The guiding genius behind all aspects of the Pussycat, Alice Schiller, died in her sleep last week at 95. The New York Times dubbed her the “Impresaria of Striptease.” (Obituary linked below.)
She was not to this manor born. In fact, she was born in 1914 in Indiana Harbor, Indiana to Orthodox Jewish parents. After they were divorced, her mother and grandmother ran a deli. Alice’s first marriage also ended in divorce; but then with her second husband, Harry Schiller, they opened a men’s store in Beverly Hills. Thus far, fairly classic stuff.
Then, on impulse, Harry bought a Latin dance club on Santa Monica Boulevard. The Club Seville. Within a few years it was obvious that it would never make money and, again impetuously, bringing Alice to tears when he told her, he converted it into a burlesque house.
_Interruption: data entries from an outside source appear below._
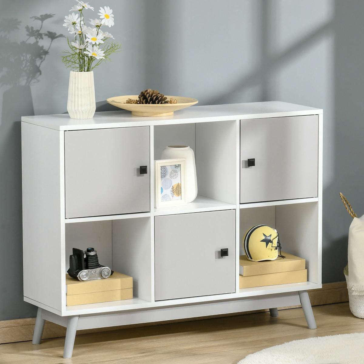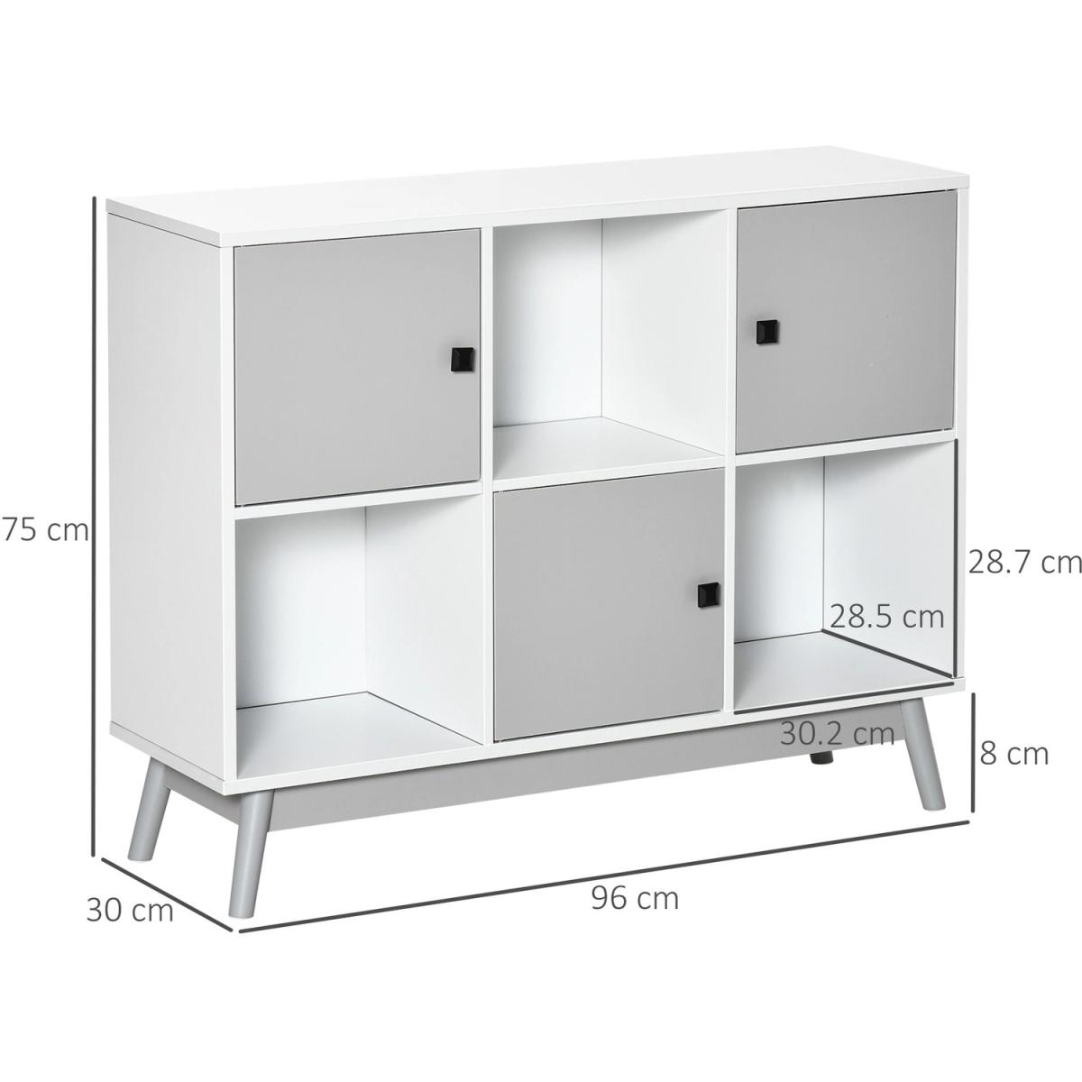 Quickly add much-needed storage with this HOMCOM cabinet. Six same-sized compartments are formed of three cabinets and three open cubes - a mix of display and storage to hold and show off everything you want in one place. It's subtle design makes it suitable for use in the home and office: use as an entryway table, bedroom side cabinet, living room bookcase, or how about as a toy organiser? Finished with wooden legs for full support.
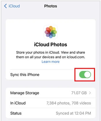 步骤一: 在旧 iPhone 上点击"设置 "应用,进入设置页面。找到顶部的" [您的姓名] ",然后选择" iCloud "。接下来,选择"照片 ",并关闭"同步此 iPhone "图标。
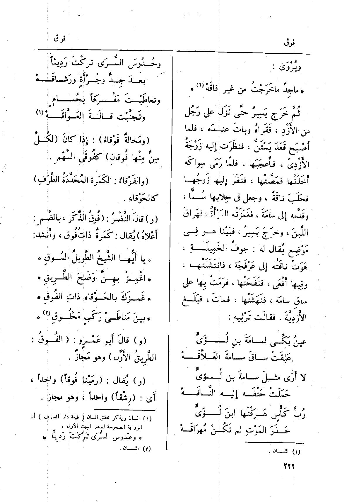ومَحالةٌ {فَوْقاءُ: إِذا كَانَ لكُلّ سِنٍّ منْها} فُوقانِ كفوقَي السّهْم. {والفَوْقاءُ: الكَمَرة المُحَدَّدةُ الطّرَف كالحَوْقاءِ. وَقَالَ النّضْرُ:} فُوقُ الذّكَر، بالضّم: أعْلاه يُقال: كمَرةٌ ذاتُ فُوق، وَأنْشد: يَا أيُّها الشيخُ الطّويلُ المُوقِ اغْمِزْ بهِنّ وضَحَ الطّريقِ غَمزَكَ بالحَوْقاءِ ذاتِ {الفوقِ بينَ مَناطَيْ ركَبٍ مَحْلوقِ)
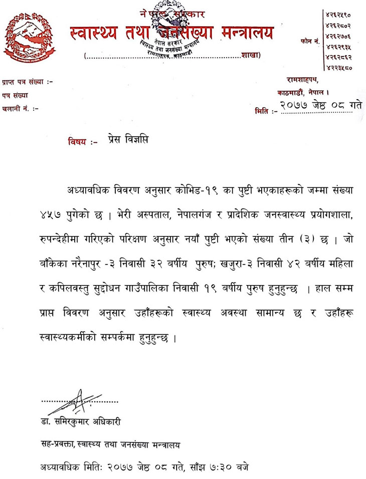 स्वास्थ्य तथा जनसंख्या मन्त्रालयका सहप्रवक्ता डा. समिरकुमार अधिकारीले साँझ साढे ७ बजे प्रकाशित गरेको विज्ञप्तिमा जनाइएअनुसार भेरी अस्पताल नेपालगञ्ज र प्रादेशिक जनस्वास्थ्य प्रयोगशाला रूपन्देहीमा गरिएको परीक्षणअनुसार बाँकेका नरैनापुर– ३ निवासी ३२ वर्षीय पुरूष, खजुरा– ३ निवासी ४२ वर्षीया महिला र कपिलवस्तुको शुद्धोधन गाउँपालिका निवासी १९ वर्षीय पुरूषमा कोभिड– १९ को पुष्टि भएको हो ।
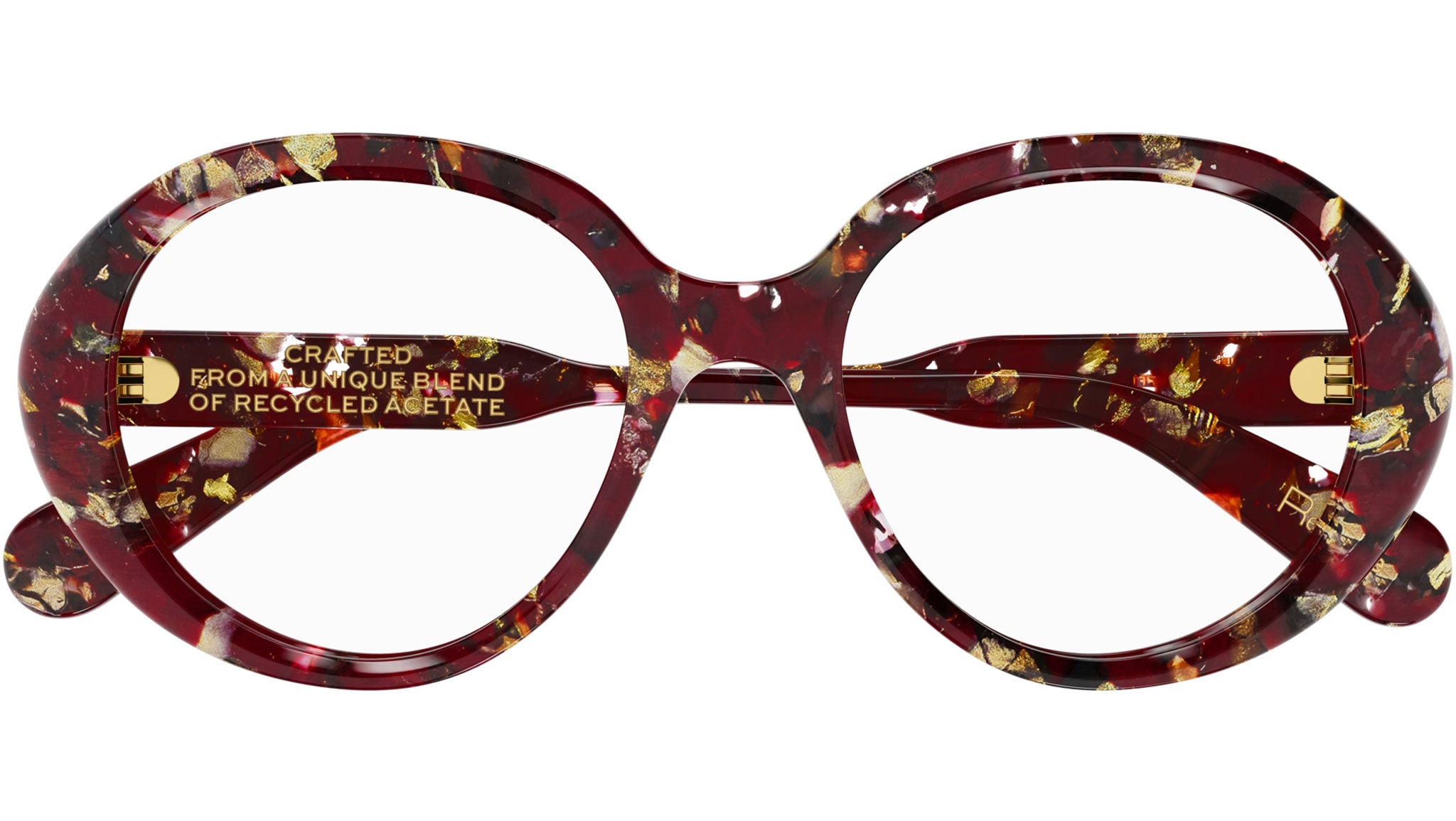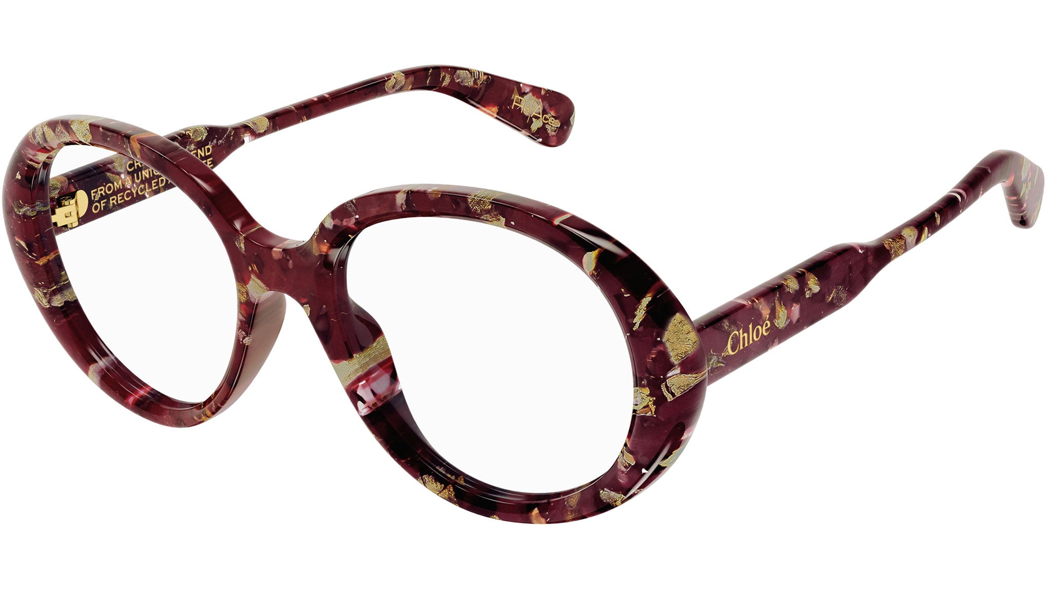 Chloé eyeglasses model CH0221O Eyewear line, panto shape in recycled acetate, color code 004 garnet red with tortoiseshell temples and demo lenses.
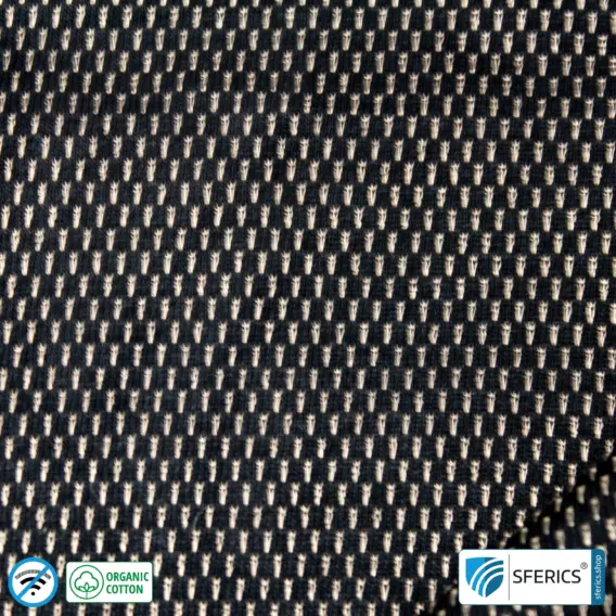 NEW ANTIWAVE OC Abschirmstoff in schwarzer Ausführung. Produziert aus Organic Cotton, sprich Baumwolle aus kontrolliert biologischem Anbau, welches mit modernster Technik mit Polyamid und Silber kombiniert wurde.
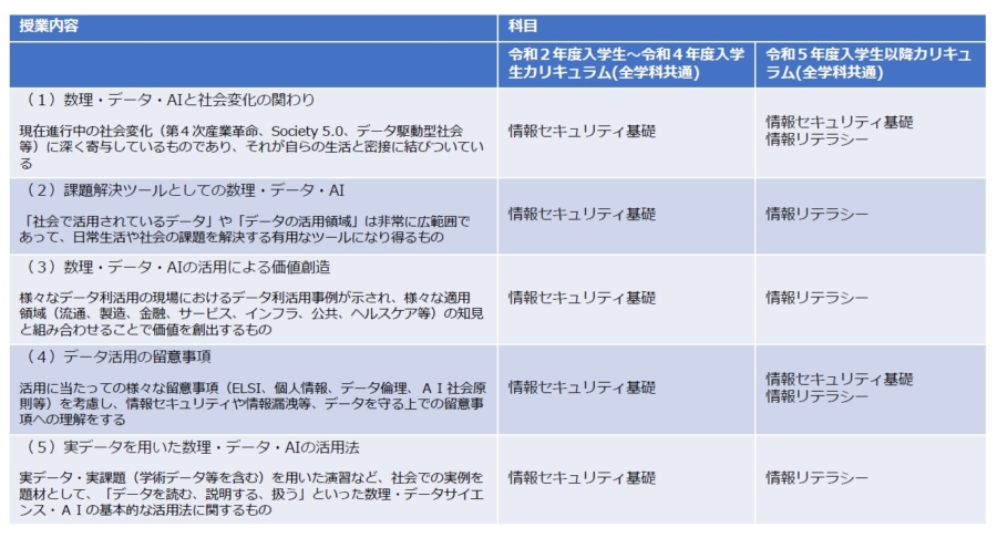 その成果として令和2年度から数理・データサイエンス・AIを強化した新カリキュラムを開始しました。

When he managed to calm her, Alice came up with the Pink Pussycat name; and soon thereafter joined Harry in managing the club.
She was the guiding force and a brilliant entrepreneur. To attract publicity and a glamorous crowd, she gave her “girls” stage names such as Fran Sinatra; Samya Davis and, my personal favorite, Peeler Lawford; and wouldn’t you know it, once they heard about this rather than sue, the Rat Packers showed up and helped put the place on every tourist map.
Alice was proud to proclaim, “I myself am an authority on beauty and glamour. I’ve probably glamorized 1,000 pussycats. Twenty of them married millionaires. One of my girls got a $2,700 tip one night. She disappeared. We heard that she fixed her nose with some of the money, but we never heard from her again.”
And we never again will see Alice’s kind. As they used to say, they broke the mold.